The usual inevitabilities arise. A dodgy gambler turned blackmailer is found with a bullet betwixt his eyes. The cops want to pin the killing on Eva and Adelle just because they have an eyewitness report that Adelle put her gun – the murder gun – in a garbage pail. The DA’s hatchet man is out to cut Mason down to size on legal technicalities and secure the flamboyant lawyer’s disbarment. The outcome hinges on a determination of when the crime was in fact committed, not when it seems to have been committed.

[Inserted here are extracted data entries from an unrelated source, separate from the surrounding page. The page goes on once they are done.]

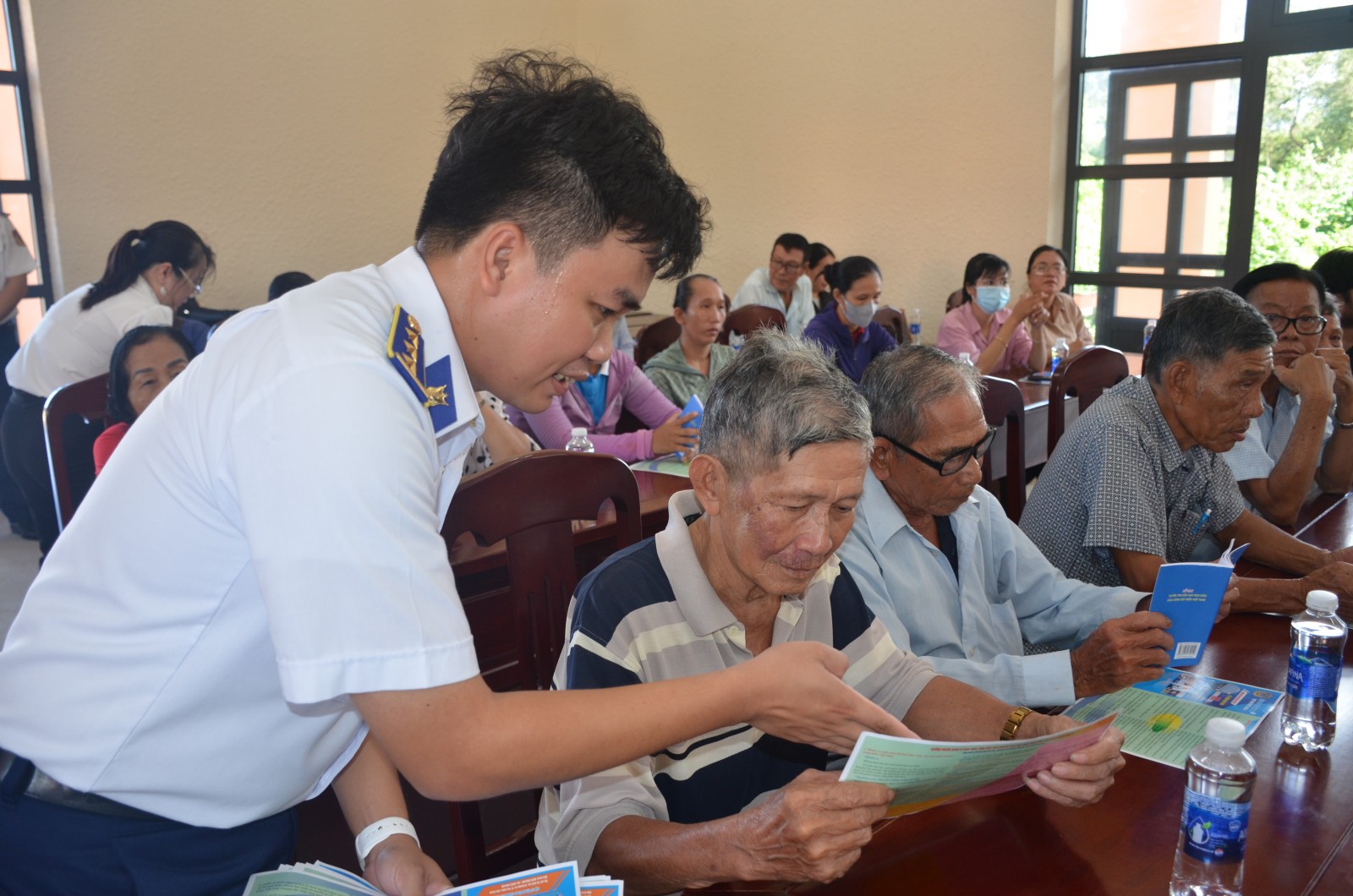 Bộ Tư lệnh Vùng Cảnh sát biển 4 phối hợp Ban Tuyên giáo và Dân vận Tinh ủy tổ chức tuyên truyền Luật Thủy sản và quy định chống khai thác IUU đến ngư dân xã Kiên Lương.
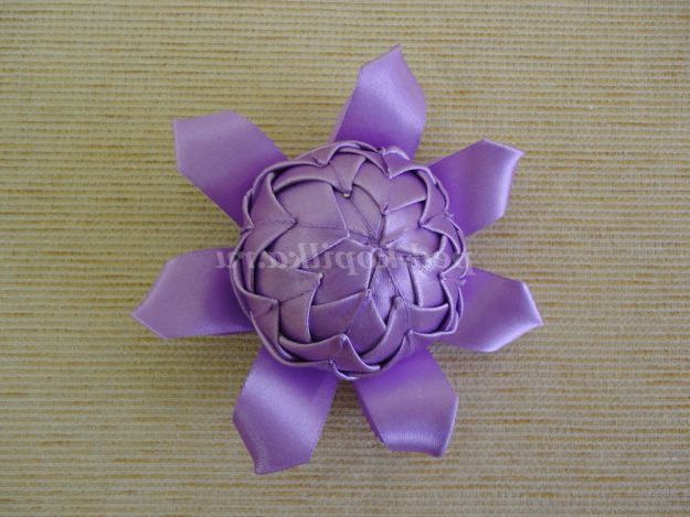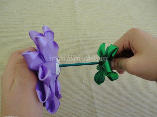 Щоб виконати довгі, звисаючі пелюстки, необхідно взяти фіолетові стрічки відрізком 2,5 на 10 см і перегнути їх під прямим кутом, а потім з'єднати зрізи, закріпивши тимчасово декоративної шпилькою. Всього необхідно зробити 21 пелюстка.
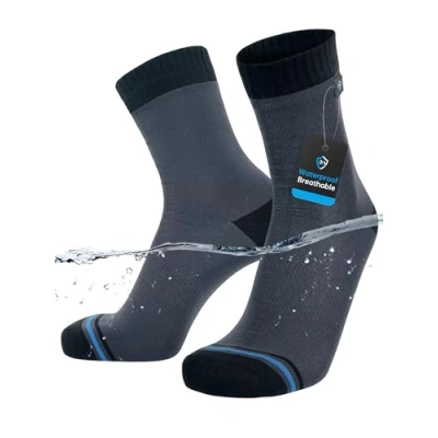 Waterproof for Everyday Wet Weather. Designed for regular use in rain, puddles, and damp conditions. Ideal for walking, commuting, dog walks, and everyday outdoor activity where keeping feet dry matters. Waterproof & Breathable Three-Layer Construction. Built with a durable outer knit, a waterproof breathable membrane, and a comfort inner layer to block water while allowing moisture from your feet to escape. Comfortable for Daily Wear. Lined with DexDri polypropylene yarn that absorbs virtually no moisture, helping keep feet comfortable during prolonged wear without the clammy feel of traditional waterproof footwear. Secure Performance Fit. Waterproof construction has less stretch than standard socks, creating a close, supportive fit. If you’re between sizes or prefer a more relaxed feel, we recommend sizing up. Trusted DexShell Quality. Specialist waterproof-sock manufacturer since 2010, with over 3 million pairs sold worldwide. Designed for real conditions, not occasional novelty use.
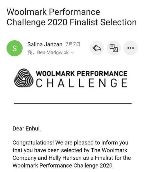 本届比赛竞争激烈,参赛者中不乏来自美国康奈尔大学、北卡罗来纳州立大学,英国爱丁堡大学,日本信州大学,德国亚琛工业大学,中国香港理工大学和东华大学等知名大学的优秀学生。组织者要求参赛学生展示利用澳大利亚美丽诺羊毛天然属性去开发生产新的原创产品、技术和生产加工解决方案。我校的许恩慧同学在刘建勇教授的指导下,从2019年11月份开始认真准备,克服新冠肺炎疫情带来的种种困难,最终于2020年7月份顺利提交了参赛方案,在其提交的方案中,从环保的角度展示了羊毛生物酶防缩的最新技术,并且将其与运动功能有机结合,征服了评委。
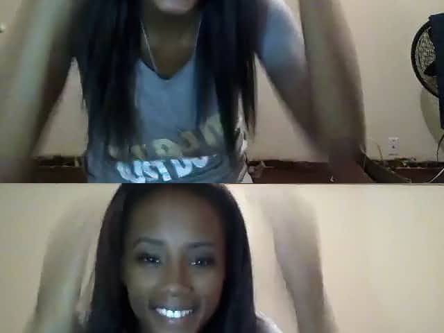 Pretty smiling black lewd lady gets rid of bra and panties to show her big ass
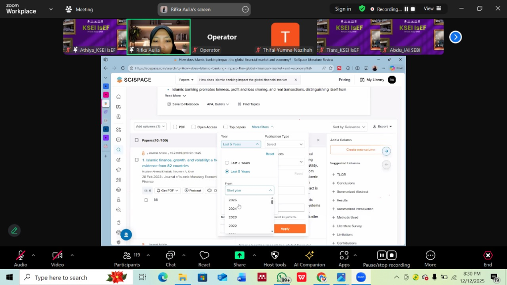 Pada hari kedua, Jum’at, 12 Desember 2025, seminar dilanjutkan bersama Rifka Aulia dengan tema “Mastering Writing Tools & Management.” Sesi ini membahas tantangan publikasi ilmiah di era informasi serta pemanfaatan berbagai tools riset, mulai dari eksplorasi literatur, reading assistant, pengolahan data, hingga penulisan dan penyelesaian naskah. Pemateri menegaskan pentingnya integritas dalam penelitian dengan pesan, “Peneliti boleh salah, tetapi tidak boleh berbohong.”

But Gardner departs from the norm aplenty. Unexpectedly, familiar characters such as Della Street, Lt. Tragg, and DA Ham Burger don’t play big roles. But there are many more suspects than the usual three or four, all of whom have cool retro names: Orville L. Reedley, Cora Felton, Daphne Gridley, Carlotta Tipton, and Arthur Clovis. Mason and his PI Paul Drake have extensive and complicated conversations exonerating the persons of interest.
Despite a lot of talking, this novel is one of the more exciting and riveting outings purely on the basis of rational thinking. I mean, enthralling given the reader accepts the initial premise of the impersonation, which, to my mind, often does not come off as convincing in whodunnits.